» **Work instructions**
Exactly transcribe the span of lines from the one containing "不过,看到这则消息,尼基塔终" through the final line of the entries, inclusive, and nothing outside it. Exclude the pictures.

» **Data supplied**

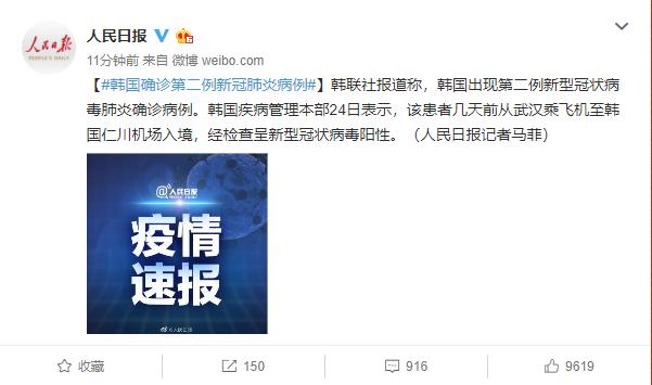 韩联社报道称,韩国出现第二例新型冠状病毒肺炎确诊病例。韩国疾病管理本部24日表示,该患者几天前从武汉乘飞机至韩国仁川机场入境,经检查呈新型冠状病毒阳性。
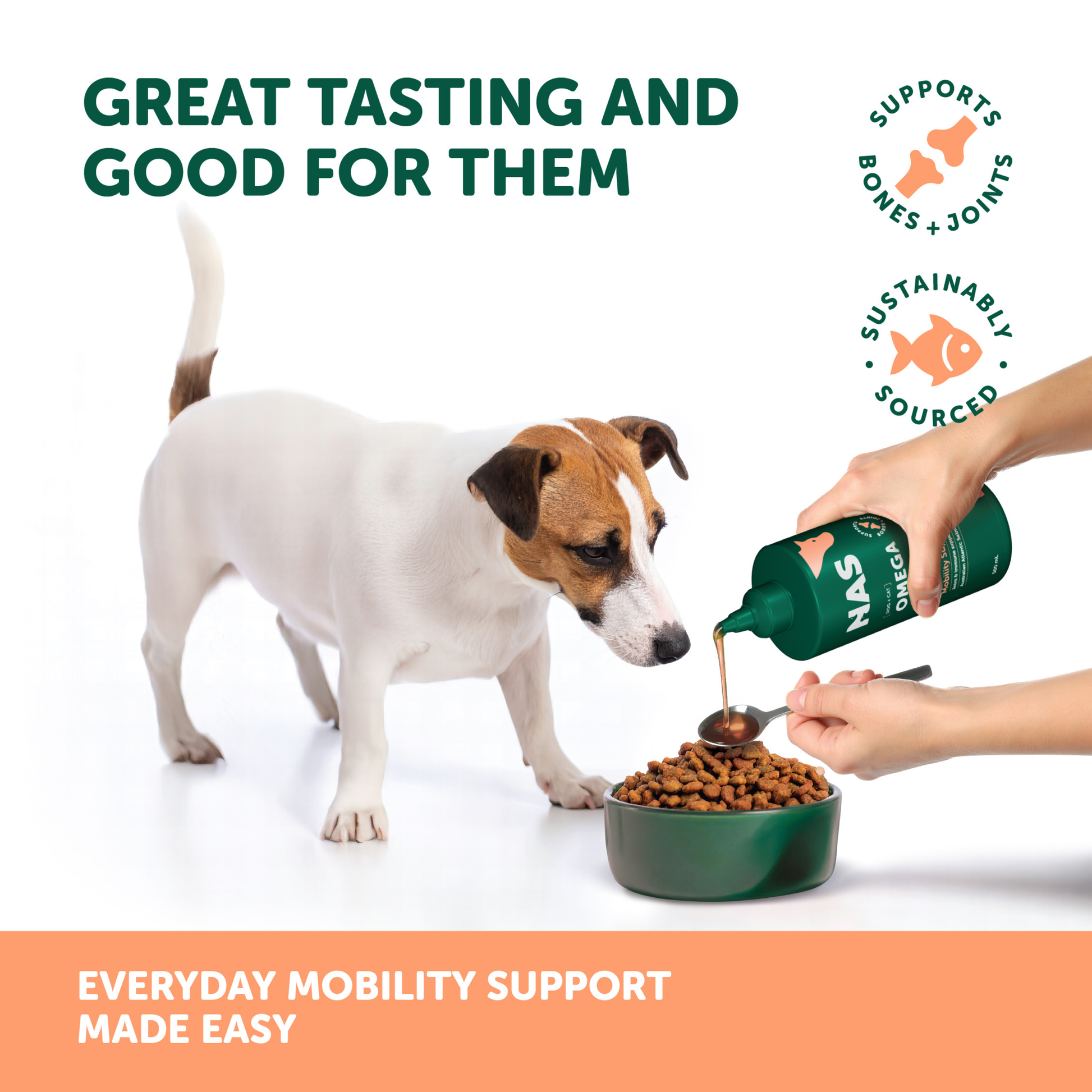 100% Tasmanian salmon oil rich in EPA/DHA and vitamin E for skin, coat, and joint health.
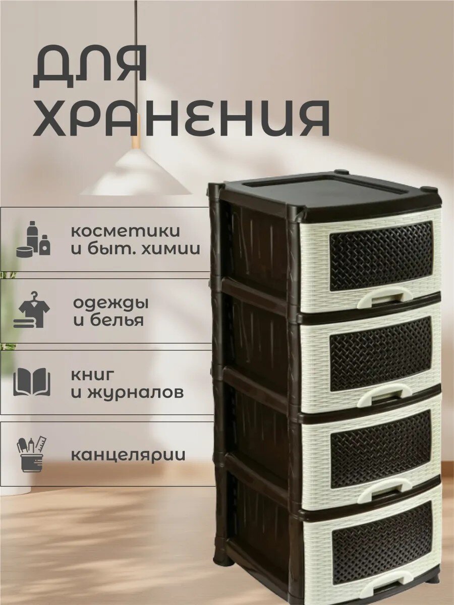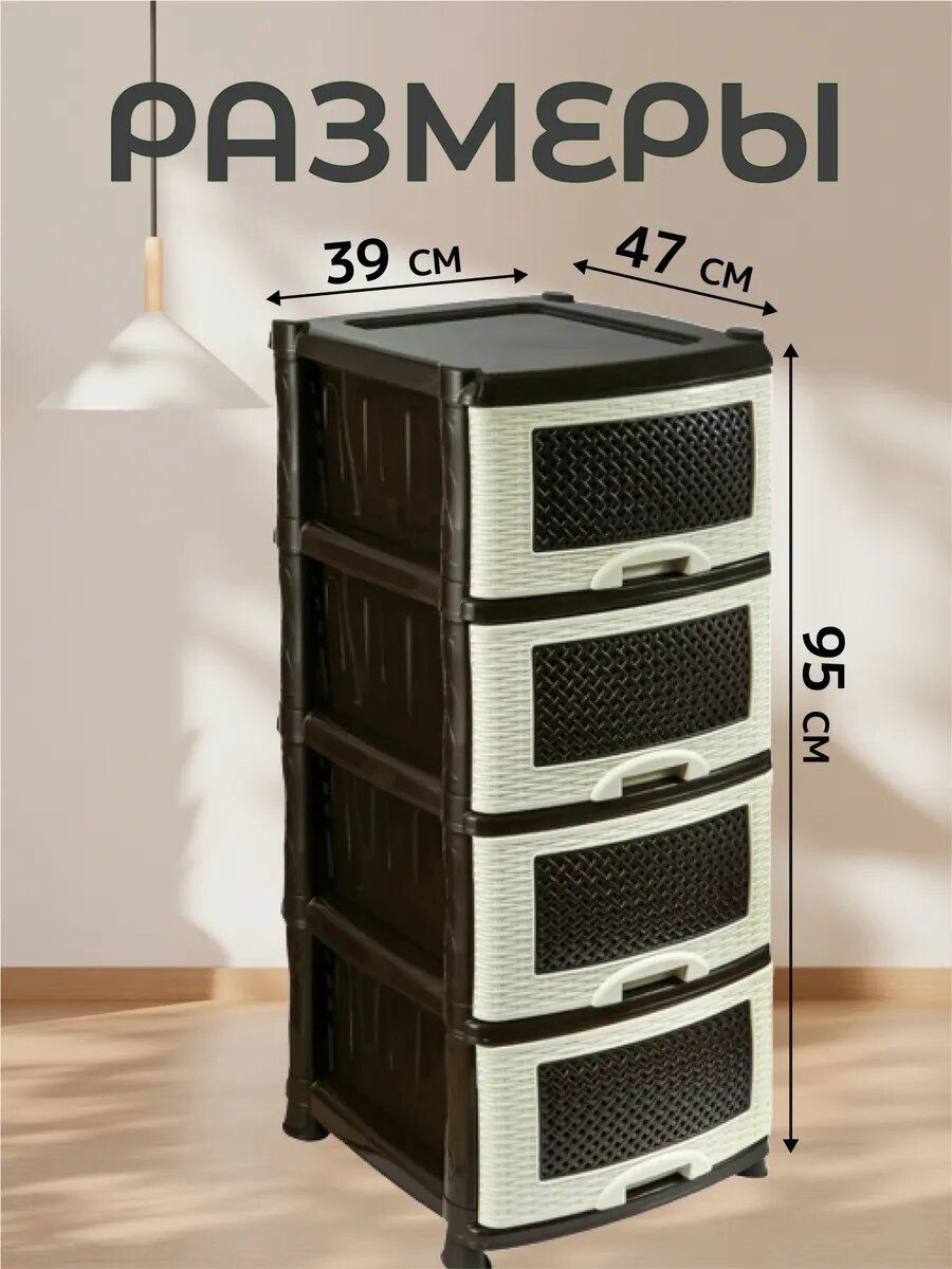 Вы можете приобрести «Комод 4 ящика, Плетенка, 39х47х95 см, бежево-коричневый, 0354/035401, Violet» и другие товары в нашем интернет-магазине в Санкт-Петербургe по низким ценам и с бесплатным самовывозом.
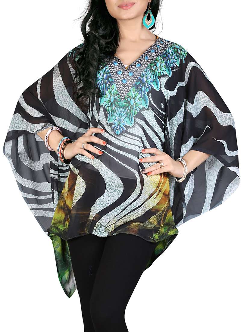 multicolored printed georgette kaftan
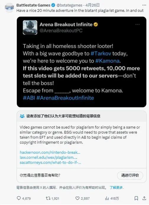 不过,看到这则消息,尼基塔终于坐不住了。他们开始寻求反击,很快就转发了《暗区突围》端游海外版的推文,并表示「这是一款公然抄袭的游戏,只配给它20分钟。」
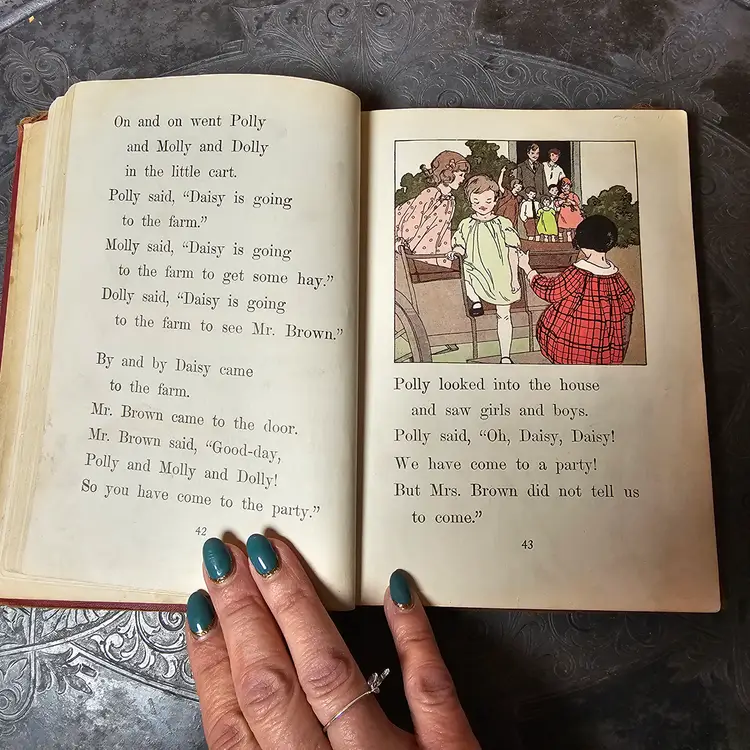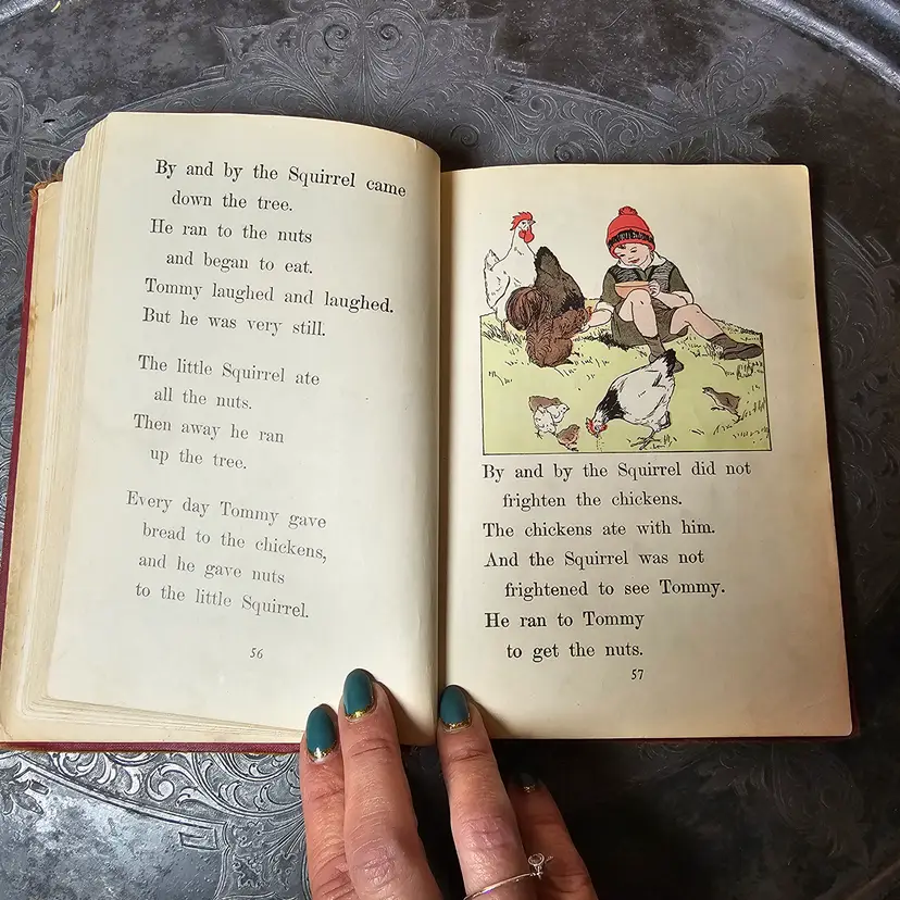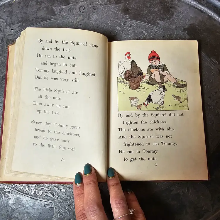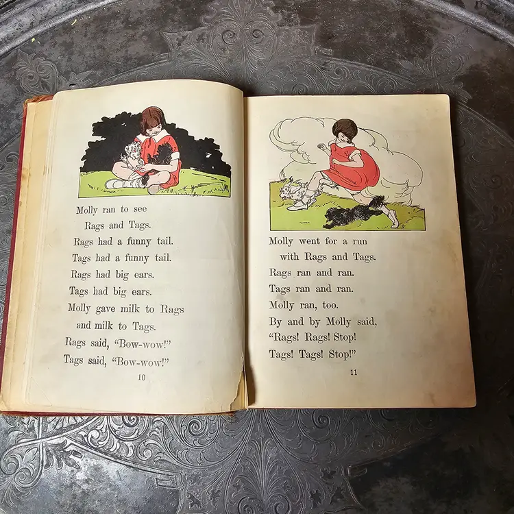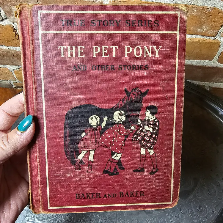 Step back into early 20th-century classrooms with this charming children’s primer from the True Story Series. The Pet Pony and Other Stories was designed to teach young children to read through simple repetitive text paired with engaging color illustrations of children, animals, and everyday life.

» **The answer**
 不过,看到这则消息,尼基塔终于坐不住了。他们开始寻求反击,很快就转发了《暗区突围》端游海外版的推文,并表示「这是一款公然抄袭的游戏,只配给它20分钟。」
 Step back into early 20th-century classrooms with this charming children’s primer from the True Story Series. The Pet Pony and Other Stories was designed to teach young children to read through simple repetitive text paired with engaging color illustrations of children, animals, and everyday life.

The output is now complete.